The check of crime, therefore, must be one that extends beyond the training of the habitual criminal. It must be coextensive with society, and must provide something like a common training of the faculties, moral, physical, and industrial, which will prepare each individual to meet such contingencies as may occur in the life of any person, and ought to be provided for beforehand. This preparation consists in the industrial training of all classes of society, male and female; but under this term much more is meant than the mere instruction in any particular trade, though even that would be much. It includes all the concomitants of moral character which accompany an industrious life. An examination discloses the fact that a surprisingly small proportion of the population of the most civilized countries are skillful mechanics, or persons fertile in invention. It is not merely that the laboring and professional population are untrained as artisans, but that the very refinements of modern manufacture tend, by the minute subdivision of labor, to restrict a man’s dexterity to sonic special manipulation, entirely useless in any other trade, and often in another branch of the same trade. When it is remembered that one of the principal elements which affect the rate of wages is found in the aptitude of the laborer, it can be readily seen that a want of aptitude in adapting himself to any important change of industrial or national conditions may reduce the most skillful artisan to the lowest level of inefficiency. In other words, having ceased to be of any service, he fails to receive remuneration, and finds himself a prey to overmastering circumstances. He no longer rises superior to misfortune, but succumbs to it.

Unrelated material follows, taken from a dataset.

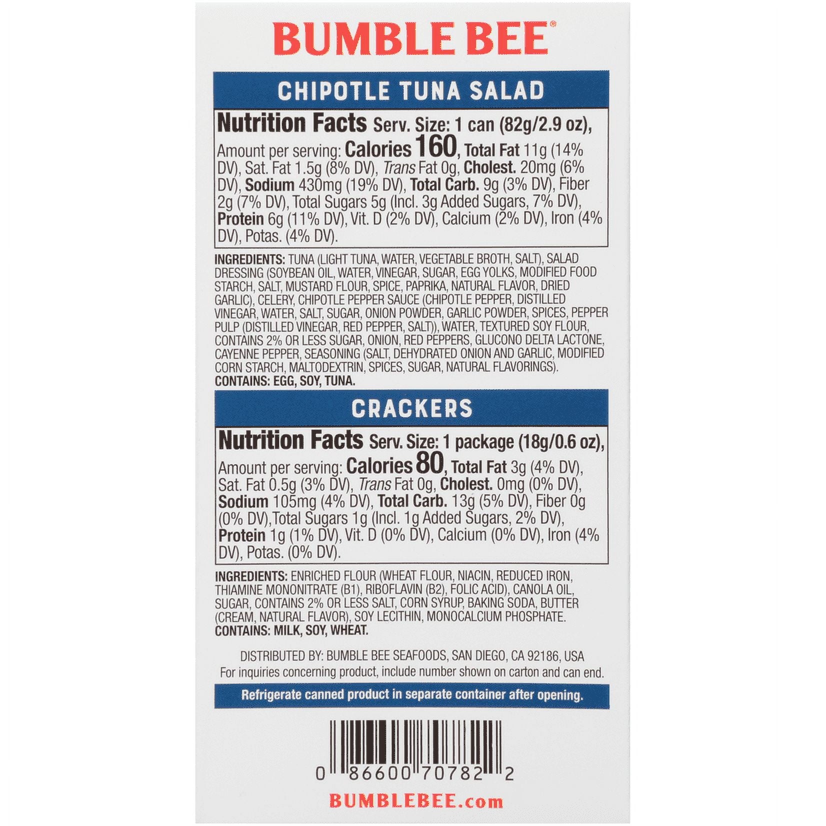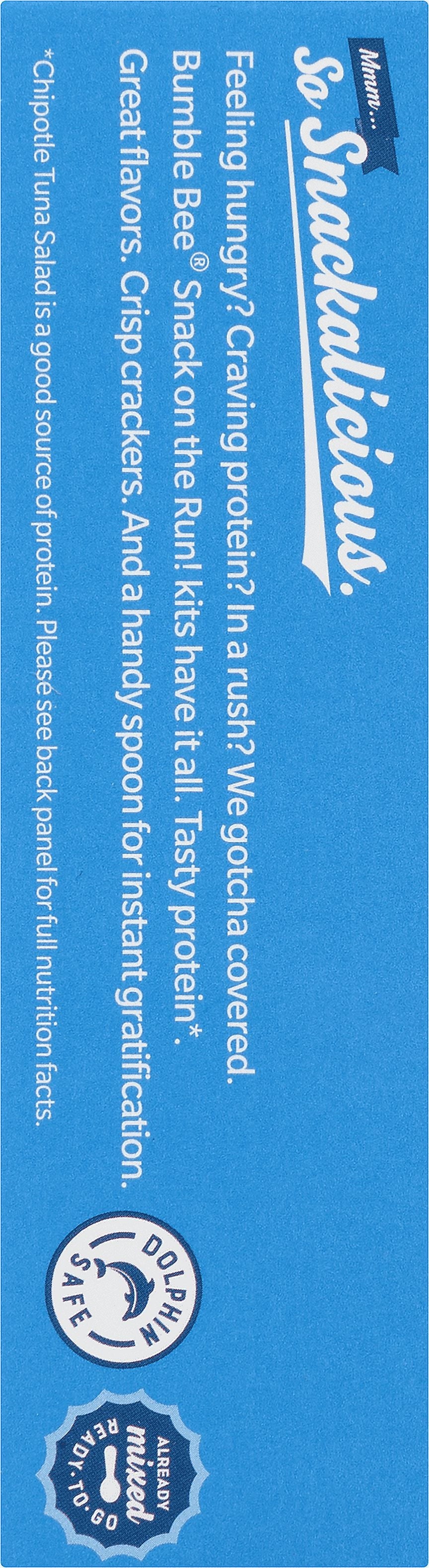 DELICIOUS TUNA SNACK WITH CRACKERS: 3.5 ounce Bumble Bee Snack on the Run! Chipotle Tuna Salad with Crackers Kits will satisfy you and your family whenever you want a tasty tuna snack or quick lunch on the go

Those who comprehend the more obscure processes of moral growth, how it begins with the education of the senses, through acts which, by repetition and variation, organize in the mind definite and permanent abstract conceptions of right and wrong, are prepared to admit that the kindergarten system for infants and youth furnishes the best model for practical training. Its claim, above all other methods, is that it concurrently trains the bands, so as to establish the impulse to industry, and enlists the mind to accomplish a predetermined task, while the result is always in accordance with the moral requirements of society. There are here combined three essential elements for success in life: the impulse to industry, the dexterity of the senses and their organs, and the power of applying this dexterity in such various directions as the exigencies of gaining a livelihood may require. The kindergarten is not only a miniature workshop; it is also a little society, where each child is induced to act towards his playfellow after the manner in which he will be called upon to act as an upright man when he reaches maturity. It is not simply that the kindergarten will make skilled mechanics, and train children to the practice of the social virtues, which recommends its use; it is also the best means of keeping in check the most dangerous vices. The part which lust plays in producing crime has been purposely omitted, but it is here in place to say that the aphorism of the French detective, that “there is a woman at the bottom of every crime,” is true in so large a number of instances as to make it acceptable; and it may be added that she is also a dangerous woman. Now the best possible safeguard against being dominated by a passional nature is education to the habits of industry. It not merely diverts the thoughts away from vain imaginings, but in addition it occupies the time given to their indulgence, and moderates their transports. We have no space to enlarge on the advantages of the kindergarten, and must content ourselves with urging that its claim to preëminence in connection with the subject which we are treating is that it brings out by practice all the essential elements which go to organize civilization.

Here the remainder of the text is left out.